DATA PROVIDED section start

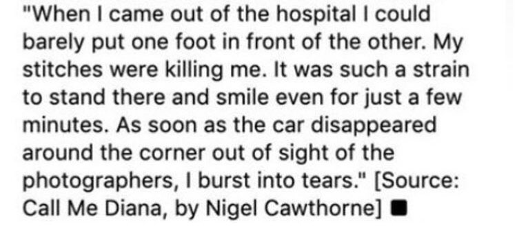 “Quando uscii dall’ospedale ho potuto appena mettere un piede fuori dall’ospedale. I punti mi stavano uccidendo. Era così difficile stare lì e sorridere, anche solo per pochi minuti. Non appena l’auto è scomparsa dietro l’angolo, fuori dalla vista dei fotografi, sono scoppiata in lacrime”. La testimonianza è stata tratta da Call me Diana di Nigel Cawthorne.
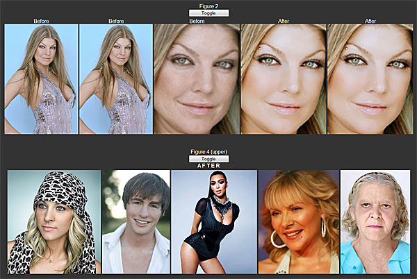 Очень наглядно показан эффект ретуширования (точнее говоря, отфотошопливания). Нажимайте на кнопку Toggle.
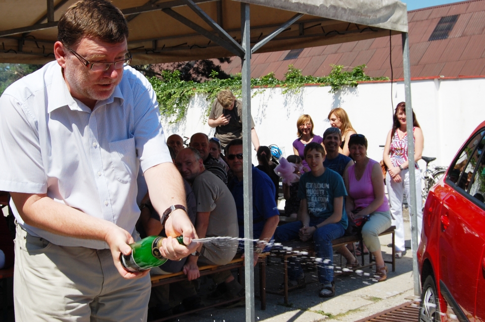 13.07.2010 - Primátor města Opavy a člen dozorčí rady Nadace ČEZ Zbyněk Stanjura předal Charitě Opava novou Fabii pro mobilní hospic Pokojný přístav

DATA PROVIDED section end

§ **WHAT IS EXPECTED**:
Your copy of the listing should match it exactly, apart from the pictures, which are left out.

§ **COMPLETED TASK**:
 “Quando uscii dall’ospedale ho potuto appena mettere un piede fuori dall’ospedale. I punti mi stavano uccidendo. Era così difficile stare lì e sorridere, anche solo per pochi minuti. Non appena l’auto è scomparsa dietro l’angolo, fuori dalla vista dei fotografi, sono scoppiata in lacrime”. La testimonianza è stata tratta da Call me Diana di Nigel Cawthorne.
 Очень наглядно показан эффект ретуширования (точнее говоря, отфотошопливания). Нажимайте на кнопку Toggle.
 13.07.2010 - Primátor města Opavy a člen dozorčí rady Nadace ČEZ Zbyněk Stanjura předal Charitě Opava novou Fabii pro mobilní hospic Pokojný přístav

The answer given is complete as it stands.